Wang Sheng: Xiangyu, you are an algorithm expert. I'd like to directly ask: Is the Transformer destined to be the ultimate paradigm for AGI? Currently, there are also paradigms like RetNet and Mamba in the academic community. Do they have value?

Zhang Xiangyu: First, let me give a conclusion: The current model architectures are indeed becoming more stable, but we are probably on the verge of a major transformation.

My latest research conclusion is that today's Transformer is not sufficient to support our journey to the next stage, especially in the era of Agents.

Let me explain the first part. Indeed, most current architectures have converged to the Transformer. Although there are some minor improvements such as Linear Attention and Sparse Attention to improve efficiency, the fundamental modeling capabilities remain the same.

Moreover, we have discovered a significant side effect: the real challenge in long - text scenarios is not computational complexity, but the rapid decline of the model's "intelligence" as the text length increases.

For general - purpose Agents, they should face an "infinite stream" world - the context is infinitely long, including all experiences from childhood to adulthood. However, today's Transformer, no matter how many tokens it claims to support, becomes almost unusable after reaching 80,000 - 120,000 tokens in my tests. Even GPT - 5 might be a bit better, but it will eventually degrade.

What's the underlying reason? The information flow in the Transformer is one - way.

All information can only flow from the (L - 1)th layer to the Lth layer. No matter how long the context is, the depth (L) of the model either doesn't increase or only increases slightly (for some latest architecture variants).

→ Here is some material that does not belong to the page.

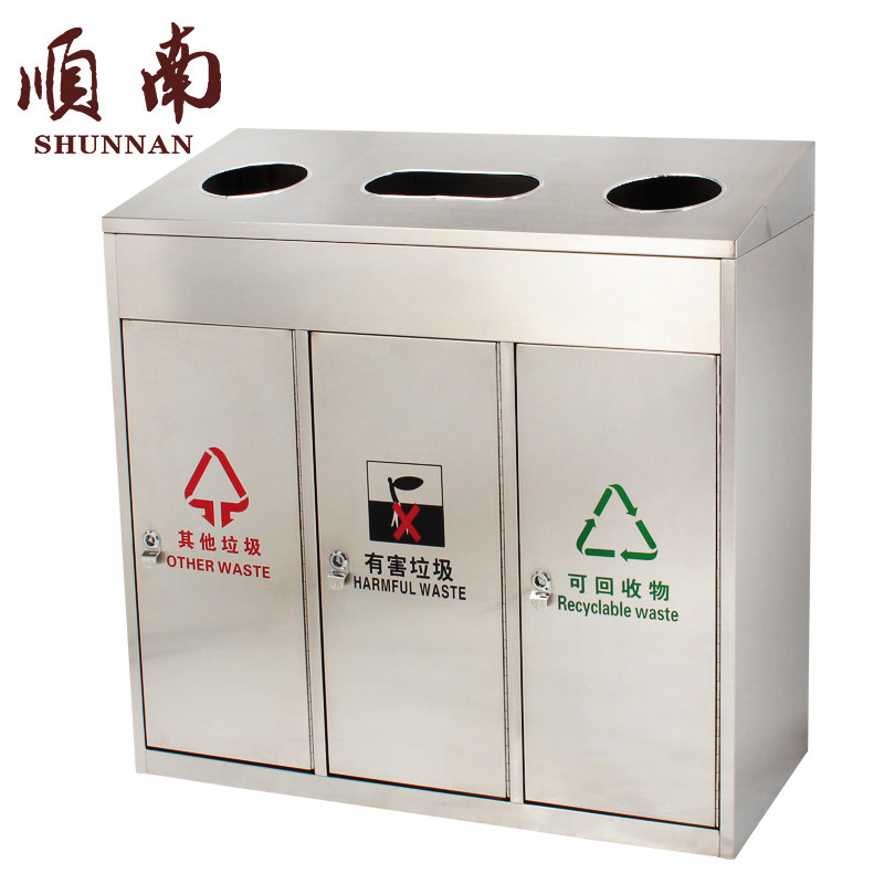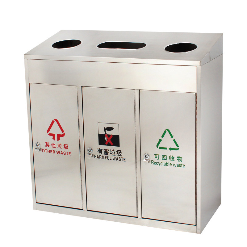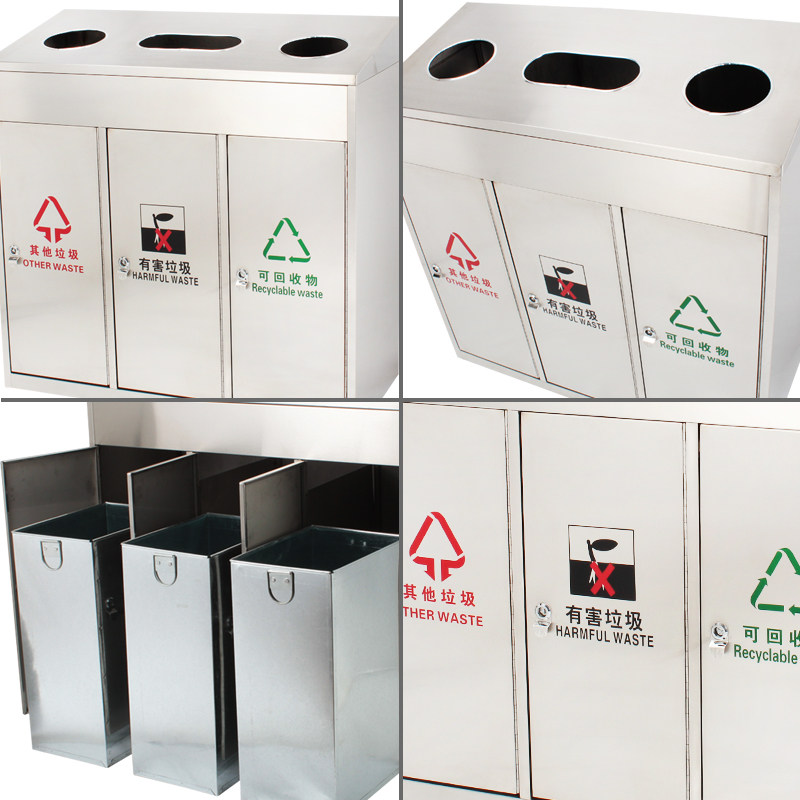 Cisnan Stainless Steel Trash Can Triple Classification Environmentally-friendly Dustbin Outdoor Park Mall Large Number Sanitation Peel Bucket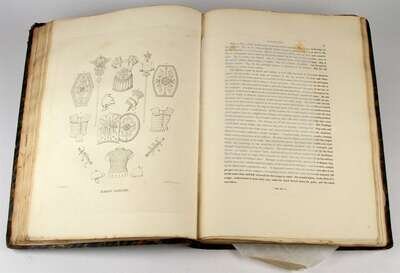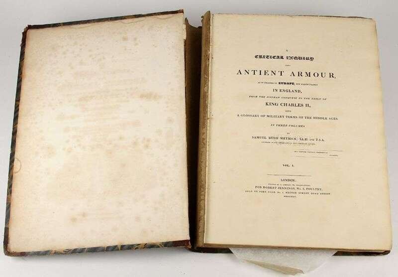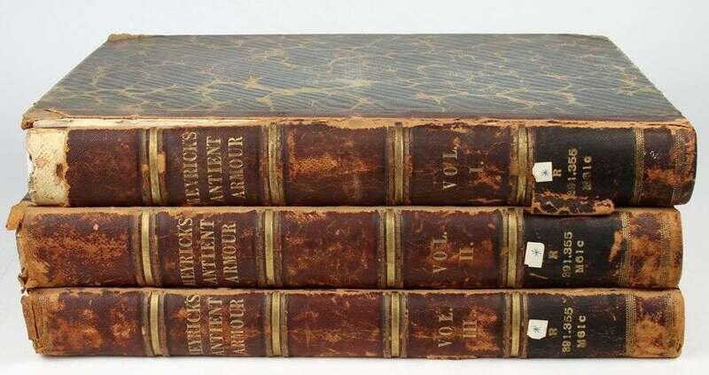 Meyrick, Samuel Rush, Sir. A Critical Inquiry into Ancient Armour. London: Robert Jennings, 1824. 1st ed. Lg 4to, contemp 1/4 morocco & marbled bds; joints, spines, bds & corners heavily rubbed, other moderate wear. With additiional engraved titles, 80 engraved plates (70 hand-colored), colored initials. Light to moderate foxing to engraved & letterpress titles, scattered light foxing to text & a few plates - plates generally clean & bright. Untrimmed & partly unopened. Ex-library, perforated stamp on letterpress titles, ink markings at foot of dedication page in vol 1 & at foot of p1 in vols 2 & 3.

Imagine that human memory has a strong compression mechanism. Every word I say today is a function of all the information I've seen in the past. This complex function cannot be represented by a neural network with a fixed number of layers.

Wang Sheng: I understand what you mean. Have you completed this research?

Zhang Xiangyu: We have obtained very positive results from some small - scale experiments. The future architecture should be a combination of a short - window Transformer (for modeling short - term memory) and a large RNN (Recurrent Neural Network, for modeling episodic memory), and it should be a "Non - Linear RNN". Of course, this poses a huge challenge to system efficiency and parallelism, requiring co - design of hardware and software.

04

Physical Bottlenecks: AI - Accelerated "Controlled Nuclear Fusion" and Ten - Thousand - GPU Clusters

Host/Wang Sheng: Xiangyu's sharing was very impactful. I need some time to digest it. Due to time constraints, let me briefly discuss the issue of energy because we have invested in StarRing Fusion.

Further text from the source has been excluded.